**WORK TASK**
Make an exact transcript of the lines in the data below, starting with the one containing "The CGRR was" and going on through the one containing "Kolt loftlampe med IP44-beskyttelse, tre", with both included and the pictures left out.

╭─ SUPPLIED MATERIAL

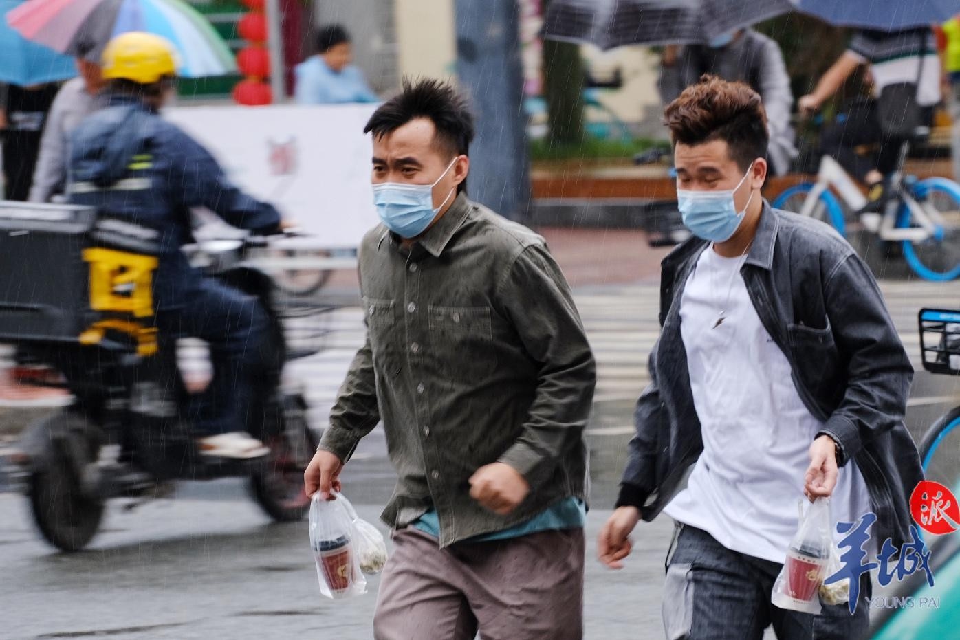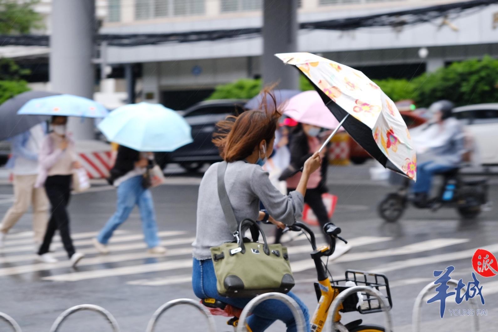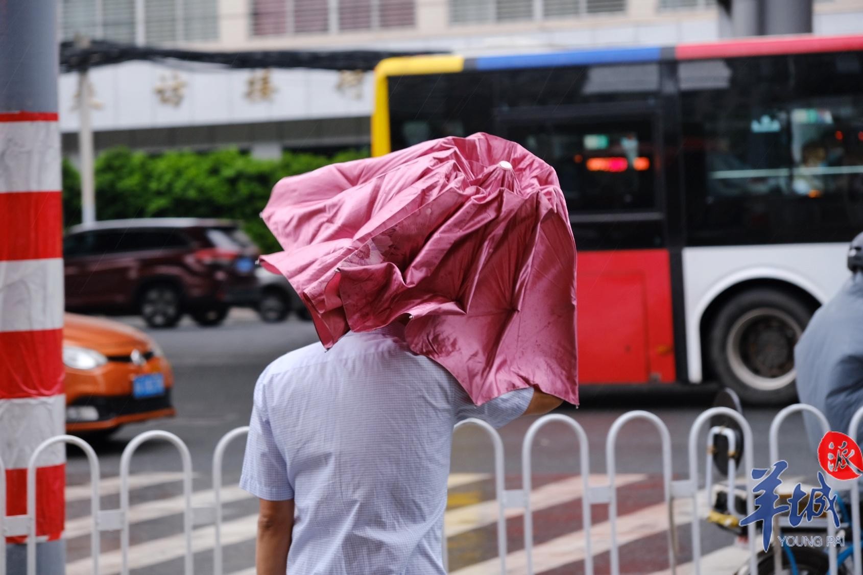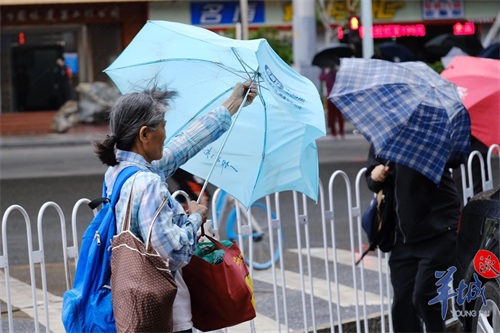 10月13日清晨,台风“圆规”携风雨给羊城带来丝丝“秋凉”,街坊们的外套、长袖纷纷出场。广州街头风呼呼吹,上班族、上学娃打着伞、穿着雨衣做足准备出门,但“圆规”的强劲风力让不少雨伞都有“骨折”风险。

╰─
╭─ SUPPLIED MATERIAL

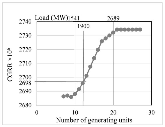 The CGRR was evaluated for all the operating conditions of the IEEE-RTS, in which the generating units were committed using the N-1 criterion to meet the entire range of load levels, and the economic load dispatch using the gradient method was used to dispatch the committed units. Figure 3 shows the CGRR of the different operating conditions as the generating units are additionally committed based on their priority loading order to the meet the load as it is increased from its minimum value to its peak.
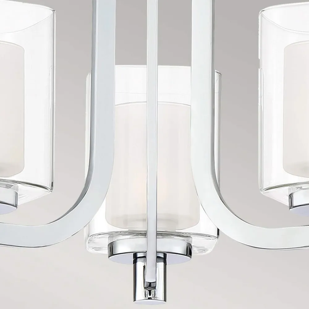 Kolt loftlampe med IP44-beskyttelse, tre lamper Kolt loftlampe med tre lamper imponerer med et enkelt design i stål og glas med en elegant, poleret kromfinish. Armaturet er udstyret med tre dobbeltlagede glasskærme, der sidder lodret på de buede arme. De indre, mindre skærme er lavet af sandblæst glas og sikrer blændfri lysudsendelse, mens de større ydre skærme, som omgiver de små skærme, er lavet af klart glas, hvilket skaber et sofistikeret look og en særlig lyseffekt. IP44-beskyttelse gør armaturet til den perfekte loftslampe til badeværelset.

╰─
╭─ SUPPLIED MATERIAL

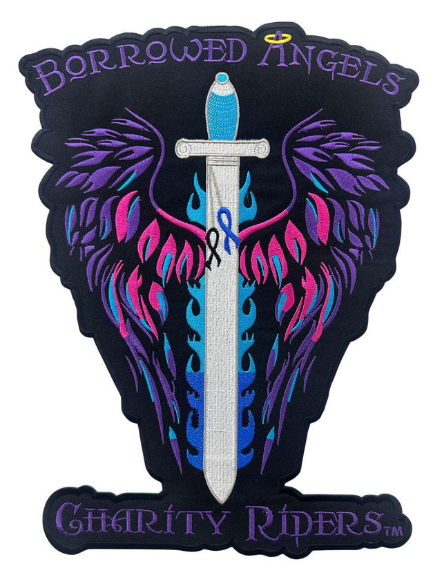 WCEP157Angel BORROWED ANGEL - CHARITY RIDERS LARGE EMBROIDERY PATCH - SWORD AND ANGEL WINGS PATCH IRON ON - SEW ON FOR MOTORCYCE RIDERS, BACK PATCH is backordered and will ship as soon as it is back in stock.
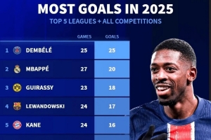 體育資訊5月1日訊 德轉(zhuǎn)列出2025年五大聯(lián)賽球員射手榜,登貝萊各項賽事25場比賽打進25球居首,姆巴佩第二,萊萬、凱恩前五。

╰─

**SOLUTION**
 The CGRR was evaluated for all the operating conditions of the IEEE-RTS, in which the generating units were committed using the N-1 criterion to meet the entire range of load levels, and the economic load dispatch using the gradient method was used to dispatch the committed units. Figure 3 shows the CGRR of the different operating conditions as the generating units are additionally committed based on their priority loading order to the meet the load as it is increased from its minimum value to its peak.
 Kolt loftlampe med IP44-beskyttelse, tre lamper Kolt loftlampe med tre lamper imponerer med et enkelt design i stål og glas med en elegant, poleret kromfinish. Armaturet er udstyret med tre dobbeltlagede glasskærme, der sidder lodret på de buede arme. De indre, mindre skærme er lavet af sandblæst glas og sikrer blændfri lysudsendelse, mens de større ydre skærme, som omgiver de små skærme, er lavet af klart glas, hvilket skaber et sofistikeret look og en særlig lyseffekt. IP44-beskyttelse gør armaturet til den perfekte loftslampe til badeværelset.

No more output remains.